Юрка взял из его рук перевязанный шнурком коробок.
— Спасибо, дедушка Мирон. Обязательно порыбачу вашими удочками. Вот только доберусь до какой-нибудь речки или ставка.
— Порыбачь, Юрко. Нехай ловится тебе рыбка большая и маленькая. — Старик хотел улыбнуться, но улыбка у него не получилась — чуть дрогнули непослушные губы, а глаза опять погрустнели. — Чем же тебя угостить, Юрко? — Наклонясь над столом, дед Мирон оценил, что же тут у него есть: ага, половина круглой буханки хлеба, миска вареной картошки и два соленых огурца, литровая банка молока, накрытая марлей. — Будешь молочко? Свежее, утрешнее. Соседка налила… А яички сырые любишь? У столе есть. Я достану.
— Ничего не надо, спасибо, — удержал Юрка руку старика. — Мы с Трифоном только что у него позавтракали. Даже бражки понемногу выпили. За встречу.
— Не хочешь? Ну тогда так посиди. Трошки поговорим.
Они посидели недолго, поговорили. И дед Мирон больше не стал удерживать солдата.
— Иди, Юрко, гостюй. Чого тебе тут, со мной?.. Сбирайся в свою дорогу. Хай тебе будет удача…
Старик взял Юрку за плечи, не обнял, не потискал подбадривая, а просто взял за плечи, как будто желал убедиться, насколько крепки, надежны они.
— Прощевай.
И остался стоять посреди хаты… Потом спохватился:
— Слухай, Юрко!

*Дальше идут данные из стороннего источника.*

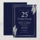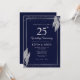 Convites Dark Navy Blue Silver Leaf Wedding Anniversary

А твоя мамка, як она там? Поклон ей передай от меня… Чуешь?
Но Юрка его не слышал. Он уже был по другую сторону стен, за порогом.

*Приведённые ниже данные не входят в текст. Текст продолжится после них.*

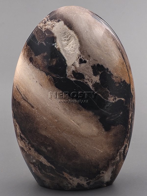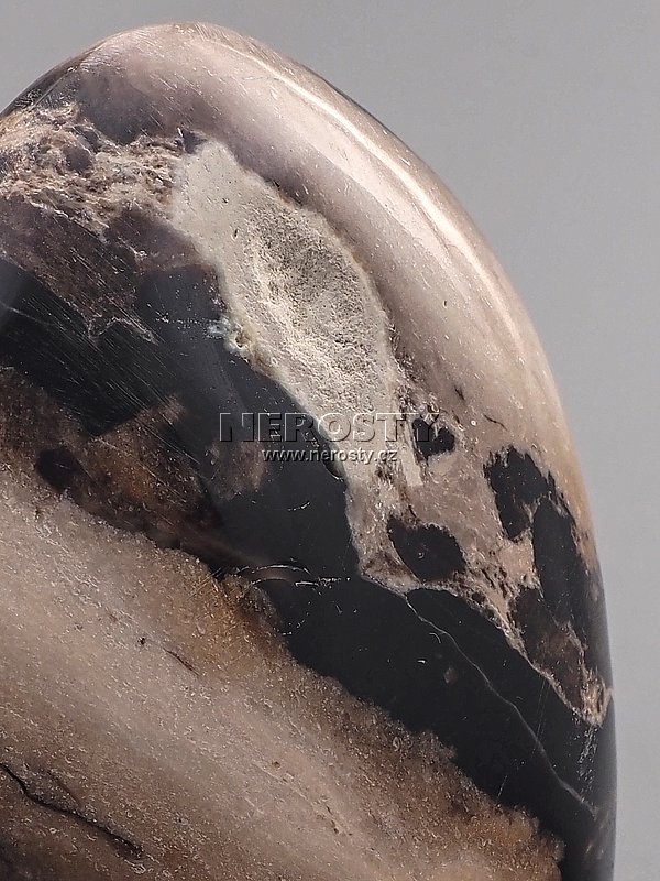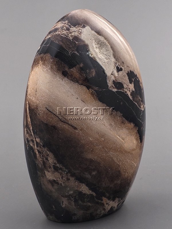 Volně tvarovaný a leštěný kus zopalizovaného zkamenělého dřeva s výraznou strukturou.

У Трифонова двора, возле загаты, стоял мотоцикл — новенький «Урал» с коляской. Кто-то приехал к Супрунюкам. Дальний гость или свой, устиновский?.. Во дворе топилась печка; невесомый дымок вился по-над садом. Нюра опять хлопотала вокруг стола. На том самом месте, где только что завтракал Юрка, сидел моложавый здоровяк. Трифон угощал его брагой — из того же глечика.
— Ого, вернулся солдат! — обрадовался Супрунюк. — А мы тебя ждем. От познакомься, — бригадир наш, Остап Иванович. Я ему про тебя уже говорил.
Краснощекий, широкогрудый мужик в кожаной куртке — с короткой шеей и крепкой загорелой холкой, подстриженный под бокс — допил из стакана брагу, чуть приподнялся и небрежно, вбок, не подал, а словно бы кинул Юрке растопыренную тяжелую ладонь — круглую, как подсолнух.
— Дударенко, — пробасил не глядя и сам себе налил из глечика.
По тому, как он все это проделал и как потом повернулся на скамейке, привалясь к столу и уперев правый кулак в толстую ляжку, видно было, насколько бригадир доволен собой, своим безмерным здоровьем и руководящей должностью, которая дает ему независимость, вес и превосходство над односельчанами: главней его нету никого в селе. Председатель колхоза — далеко, аж в Раздольном, а тут он, Дударенко, хозяин и всему голова.
— Степной, — сдержанно ответил Юрка.
— Седай, — пригласил Трифон. — За компанию с Остапом Ивановичем. Бери стакан.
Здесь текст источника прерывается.